On 12 Oct 2017 15:38, "Roger D. Peng" notifications@github.com wrote:

Also, there was a long discussion of data diff/versioning in the 2015 rOpenSci Unconference (with no real resolution, IIRC): ropensci/unconf15#19 https://github.com/ropensci/unconf15/issues/19

— You are receiving this because you authored the thread. Reply to this email directly, view it on GitHub https://github.com/ropensci/ozunconf17/issues/11#issuecomment-336018557, or mute the thread https://github.com/notifications/unsubscribe-auth/AFKJG1L3jUd8A6pHbRkg8gB7KSQT5oYlks5srZeqgaJpZM4Px3A4 .

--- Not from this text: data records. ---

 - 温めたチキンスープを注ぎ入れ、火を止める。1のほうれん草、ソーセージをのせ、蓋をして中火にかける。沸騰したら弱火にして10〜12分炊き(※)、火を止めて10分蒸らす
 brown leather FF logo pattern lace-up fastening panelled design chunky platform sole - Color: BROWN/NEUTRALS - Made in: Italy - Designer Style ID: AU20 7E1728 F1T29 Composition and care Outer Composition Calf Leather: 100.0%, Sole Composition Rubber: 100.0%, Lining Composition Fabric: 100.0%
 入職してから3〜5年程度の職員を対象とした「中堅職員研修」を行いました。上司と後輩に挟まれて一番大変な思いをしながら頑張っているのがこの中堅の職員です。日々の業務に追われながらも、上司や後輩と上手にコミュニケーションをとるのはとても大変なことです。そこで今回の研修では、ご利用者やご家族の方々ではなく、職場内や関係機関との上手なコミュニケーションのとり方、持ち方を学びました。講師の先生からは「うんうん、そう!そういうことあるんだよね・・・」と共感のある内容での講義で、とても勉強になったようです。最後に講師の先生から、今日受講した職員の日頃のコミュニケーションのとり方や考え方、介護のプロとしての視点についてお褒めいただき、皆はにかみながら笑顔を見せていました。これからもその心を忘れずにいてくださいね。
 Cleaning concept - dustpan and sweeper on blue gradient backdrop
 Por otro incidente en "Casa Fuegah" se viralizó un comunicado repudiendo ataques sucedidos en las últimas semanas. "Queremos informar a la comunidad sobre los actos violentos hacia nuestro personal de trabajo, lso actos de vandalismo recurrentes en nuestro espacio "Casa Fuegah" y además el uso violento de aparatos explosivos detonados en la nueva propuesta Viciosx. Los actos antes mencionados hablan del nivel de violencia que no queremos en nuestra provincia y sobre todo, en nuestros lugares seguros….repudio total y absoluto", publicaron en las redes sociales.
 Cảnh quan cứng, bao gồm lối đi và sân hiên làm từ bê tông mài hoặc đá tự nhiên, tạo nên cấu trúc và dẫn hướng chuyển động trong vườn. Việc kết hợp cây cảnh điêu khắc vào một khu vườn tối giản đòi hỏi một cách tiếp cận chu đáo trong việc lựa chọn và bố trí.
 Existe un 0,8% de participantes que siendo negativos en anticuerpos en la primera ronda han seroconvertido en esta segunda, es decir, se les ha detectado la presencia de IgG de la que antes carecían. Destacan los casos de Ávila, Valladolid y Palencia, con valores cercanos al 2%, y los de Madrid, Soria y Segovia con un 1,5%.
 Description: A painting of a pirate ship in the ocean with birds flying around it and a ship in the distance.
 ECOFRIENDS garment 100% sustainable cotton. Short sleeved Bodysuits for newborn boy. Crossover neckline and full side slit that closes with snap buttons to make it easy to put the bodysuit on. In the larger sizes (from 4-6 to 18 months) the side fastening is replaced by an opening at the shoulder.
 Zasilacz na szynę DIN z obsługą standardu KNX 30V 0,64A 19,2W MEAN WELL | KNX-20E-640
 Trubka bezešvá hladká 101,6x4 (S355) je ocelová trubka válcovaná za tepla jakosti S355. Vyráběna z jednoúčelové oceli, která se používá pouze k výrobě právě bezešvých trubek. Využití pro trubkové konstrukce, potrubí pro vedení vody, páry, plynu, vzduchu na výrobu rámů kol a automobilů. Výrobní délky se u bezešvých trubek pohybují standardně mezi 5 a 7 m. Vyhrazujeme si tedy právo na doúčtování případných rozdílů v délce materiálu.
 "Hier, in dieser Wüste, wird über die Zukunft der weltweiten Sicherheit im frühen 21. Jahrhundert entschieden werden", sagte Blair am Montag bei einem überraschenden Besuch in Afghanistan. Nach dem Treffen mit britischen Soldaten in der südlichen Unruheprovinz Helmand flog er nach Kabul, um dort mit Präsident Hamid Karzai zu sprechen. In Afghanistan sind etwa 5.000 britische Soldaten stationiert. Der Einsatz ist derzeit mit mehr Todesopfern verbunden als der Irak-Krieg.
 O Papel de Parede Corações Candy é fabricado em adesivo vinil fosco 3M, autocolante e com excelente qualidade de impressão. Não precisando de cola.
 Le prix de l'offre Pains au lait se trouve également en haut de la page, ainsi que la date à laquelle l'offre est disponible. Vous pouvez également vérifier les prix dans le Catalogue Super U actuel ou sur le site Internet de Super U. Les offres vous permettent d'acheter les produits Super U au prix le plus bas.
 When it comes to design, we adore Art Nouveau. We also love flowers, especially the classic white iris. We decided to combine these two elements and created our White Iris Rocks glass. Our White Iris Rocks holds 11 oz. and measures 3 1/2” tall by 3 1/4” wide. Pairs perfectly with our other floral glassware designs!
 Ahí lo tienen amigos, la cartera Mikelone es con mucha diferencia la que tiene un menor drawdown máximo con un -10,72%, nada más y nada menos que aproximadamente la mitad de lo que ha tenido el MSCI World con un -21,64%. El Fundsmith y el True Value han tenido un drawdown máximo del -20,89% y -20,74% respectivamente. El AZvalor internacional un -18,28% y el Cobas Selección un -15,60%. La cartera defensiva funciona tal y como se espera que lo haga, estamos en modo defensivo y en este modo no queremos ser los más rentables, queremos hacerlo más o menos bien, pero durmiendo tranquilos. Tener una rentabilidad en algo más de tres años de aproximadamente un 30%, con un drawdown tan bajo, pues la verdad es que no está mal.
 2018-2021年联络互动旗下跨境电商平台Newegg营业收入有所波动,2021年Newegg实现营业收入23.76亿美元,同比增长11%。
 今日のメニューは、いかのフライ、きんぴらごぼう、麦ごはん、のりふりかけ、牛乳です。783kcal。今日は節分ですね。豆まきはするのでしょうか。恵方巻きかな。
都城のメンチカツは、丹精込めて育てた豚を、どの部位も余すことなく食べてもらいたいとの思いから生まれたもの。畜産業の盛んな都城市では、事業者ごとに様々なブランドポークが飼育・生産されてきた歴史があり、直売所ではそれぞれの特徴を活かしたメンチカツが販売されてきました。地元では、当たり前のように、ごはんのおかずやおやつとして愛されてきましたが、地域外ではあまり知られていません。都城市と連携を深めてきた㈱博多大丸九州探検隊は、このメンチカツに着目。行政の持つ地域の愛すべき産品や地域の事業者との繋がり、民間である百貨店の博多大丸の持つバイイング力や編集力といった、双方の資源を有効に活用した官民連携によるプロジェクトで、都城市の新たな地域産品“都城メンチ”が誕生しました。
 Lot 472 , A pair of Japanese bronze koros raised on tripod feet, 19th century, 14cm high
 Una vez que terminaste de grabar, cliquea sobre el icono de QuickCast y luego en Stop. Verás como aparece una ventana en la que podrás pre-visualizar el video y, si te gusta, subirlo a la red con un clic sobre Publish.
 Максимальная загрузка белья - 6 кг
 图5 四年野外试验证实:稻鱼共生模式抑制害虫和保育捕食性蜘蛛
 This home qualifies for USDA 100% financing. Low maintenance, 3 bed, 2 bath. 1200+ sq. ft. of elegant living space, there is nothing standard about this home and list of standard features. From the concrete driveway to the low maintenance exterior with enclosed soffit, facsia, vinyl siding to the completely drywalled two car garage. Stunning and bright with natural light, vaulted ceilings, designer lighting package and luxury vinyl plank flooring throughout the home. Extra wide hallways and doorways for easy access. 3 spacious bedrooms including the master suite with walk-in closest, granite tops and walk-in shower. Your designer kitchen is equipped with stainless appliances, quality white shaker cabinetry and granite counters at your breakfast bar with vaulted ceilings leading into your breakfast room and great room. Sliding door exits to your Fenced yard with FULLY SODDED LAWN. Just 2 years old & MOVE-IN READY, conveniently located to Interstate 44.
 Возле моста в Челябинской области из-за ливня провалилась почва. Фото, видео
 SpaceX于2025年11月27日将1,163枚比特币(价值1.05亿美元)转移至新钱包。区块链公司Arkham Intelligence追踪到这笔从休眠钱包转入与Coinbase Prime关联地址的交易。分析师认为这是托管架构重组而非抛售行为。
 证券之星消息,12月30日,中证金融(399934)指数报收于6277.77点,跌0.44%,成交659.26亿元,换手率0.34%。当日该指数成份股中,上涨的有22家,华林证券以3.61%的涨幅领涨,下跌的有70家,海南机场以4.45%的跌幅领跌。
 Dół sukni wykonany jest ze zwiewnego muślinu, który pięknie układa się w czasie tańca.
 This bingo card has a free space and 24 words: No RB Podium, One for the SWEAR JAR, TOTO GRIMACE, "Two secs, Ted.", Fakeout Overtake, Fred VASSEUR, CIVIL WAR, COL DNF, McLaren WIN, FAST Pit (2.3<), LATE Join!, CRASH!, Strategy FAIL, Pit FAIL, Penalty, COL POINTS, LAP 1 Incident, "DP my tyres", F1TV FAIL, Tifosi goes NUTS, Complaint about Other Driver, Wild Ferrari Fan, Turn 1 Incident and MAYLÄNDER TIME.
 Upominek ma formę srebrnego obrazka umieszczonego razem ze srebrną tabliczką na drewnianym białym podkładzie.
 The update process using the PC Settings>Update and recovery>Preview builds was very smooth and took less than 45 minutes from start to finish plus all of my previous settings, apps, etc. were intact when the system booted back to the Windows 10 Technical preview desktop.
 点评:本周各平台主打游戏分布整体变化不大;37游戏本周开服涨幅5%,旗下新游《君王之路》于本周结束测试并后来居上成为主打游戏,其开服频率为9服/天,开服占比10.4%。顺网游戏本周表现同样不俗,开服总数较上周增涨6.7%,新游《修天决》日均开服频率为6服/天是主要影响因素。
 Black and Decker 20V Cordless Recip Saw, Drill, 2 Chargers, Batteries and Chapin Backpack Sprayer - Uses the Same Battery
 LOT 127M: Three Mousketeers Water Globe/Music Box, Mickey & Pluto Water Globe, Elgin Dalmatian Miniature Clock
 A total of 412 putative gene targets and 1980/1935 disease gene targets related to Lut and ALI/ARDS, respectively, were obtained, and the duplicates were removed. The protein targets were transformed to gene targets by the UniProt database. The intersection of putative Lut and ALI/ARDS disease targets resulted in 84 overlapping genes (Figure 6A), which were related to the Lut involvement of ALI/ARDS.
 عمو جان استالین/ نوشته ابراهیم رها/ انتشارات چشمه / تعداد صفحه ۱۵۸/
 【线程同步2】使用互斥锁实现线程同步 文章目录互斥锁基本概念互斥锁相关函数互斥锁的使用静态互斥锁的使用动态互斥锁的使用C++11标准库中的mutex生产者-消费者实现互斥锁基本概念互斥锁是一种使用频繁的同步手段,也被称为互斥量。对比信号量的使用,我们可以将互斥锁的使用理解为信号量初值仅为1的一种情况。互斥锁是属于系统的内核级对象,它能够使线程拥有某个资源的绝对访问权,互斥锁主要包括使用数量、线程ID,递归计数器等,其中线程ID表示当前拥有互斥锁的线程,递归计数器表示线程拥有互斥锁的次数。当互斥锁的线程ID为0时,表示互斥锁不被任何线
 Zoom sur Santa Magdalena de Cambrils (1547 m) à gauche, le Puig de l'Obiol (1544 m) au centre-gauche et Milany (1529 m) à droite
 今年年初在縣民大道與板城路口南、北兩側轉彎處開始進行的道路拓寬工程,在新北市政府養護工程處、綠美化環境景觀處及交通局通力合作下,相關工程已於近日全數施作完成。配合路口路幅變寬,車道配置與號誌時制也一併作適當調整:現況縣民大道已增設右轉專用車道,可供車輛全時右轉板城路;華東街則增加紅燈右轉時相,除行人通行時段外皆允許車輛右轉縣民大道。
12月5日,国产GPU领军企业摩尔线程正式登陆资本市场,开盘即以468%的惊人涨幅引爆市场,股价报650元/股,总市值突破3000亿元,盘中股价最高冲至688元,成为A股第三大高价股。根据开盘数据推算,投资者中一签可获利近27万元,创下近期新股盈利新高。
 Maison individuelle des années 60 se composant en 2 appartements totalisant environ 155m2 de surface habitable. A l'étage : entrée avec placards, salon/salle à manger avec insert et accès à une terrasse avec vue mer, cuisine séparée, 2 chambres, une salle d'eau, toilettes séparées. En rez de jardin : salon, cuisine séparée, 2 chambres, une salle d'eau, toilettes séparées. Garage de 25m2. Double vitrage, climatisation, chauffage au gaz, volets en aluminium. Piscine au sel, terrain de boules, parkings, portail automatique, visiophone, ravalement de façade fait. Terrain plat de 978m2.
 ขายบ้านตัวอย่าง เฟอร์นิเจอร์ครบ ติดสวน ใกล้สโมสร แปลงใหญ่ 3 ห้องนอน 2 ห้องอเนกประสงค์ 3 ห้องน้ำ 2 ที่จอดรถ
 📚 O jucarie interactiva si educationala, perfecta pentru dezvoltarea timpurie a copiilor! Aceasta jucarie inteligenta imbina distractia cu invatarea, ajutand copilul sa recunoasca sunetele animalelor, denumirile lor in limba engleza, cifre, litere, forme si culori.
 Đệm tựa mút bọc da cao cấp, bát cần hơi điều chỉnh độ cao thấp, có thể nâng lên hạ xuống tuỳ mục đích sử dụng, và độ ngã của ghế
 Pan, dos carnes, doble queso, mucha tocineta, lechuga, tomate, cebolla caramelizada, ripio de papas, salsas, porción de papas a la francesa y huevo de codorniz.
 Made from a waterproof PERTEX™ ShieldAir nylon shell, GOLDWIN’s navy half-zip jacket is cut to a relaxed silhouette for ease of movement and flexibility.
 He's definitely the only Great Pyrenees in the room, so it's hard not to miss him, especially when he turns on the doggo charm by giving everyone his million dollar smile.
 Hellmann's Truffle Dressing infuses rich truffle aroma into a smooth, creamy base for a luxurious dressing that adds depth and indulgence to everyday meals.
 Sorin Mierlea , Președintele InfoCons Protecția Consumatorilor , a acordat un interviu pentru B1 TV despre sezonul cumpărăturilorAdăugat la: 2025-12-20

timchurches commented 7 years ago

@rdpeng

Also, there was a long discussion of data diff/versioning in the 2015 rOpenSci Unconference (with no real resolution, IIRC): ropensci/unconf15#19

That discussion from March 2015 predates the release of git LFS v1.0 in Oct 2015, and its subsequent maturation. I wonder if it would be worthwhile revisiting the data versioning, provenance, diffing, distribution and syncing issues in the light of git LFS, since it integrates so nicely with git, but permits a wide range of back-end storage options for the data large-file blobs (which can be encrypted, which is important to me as a health researcher dealing with confidential patient data).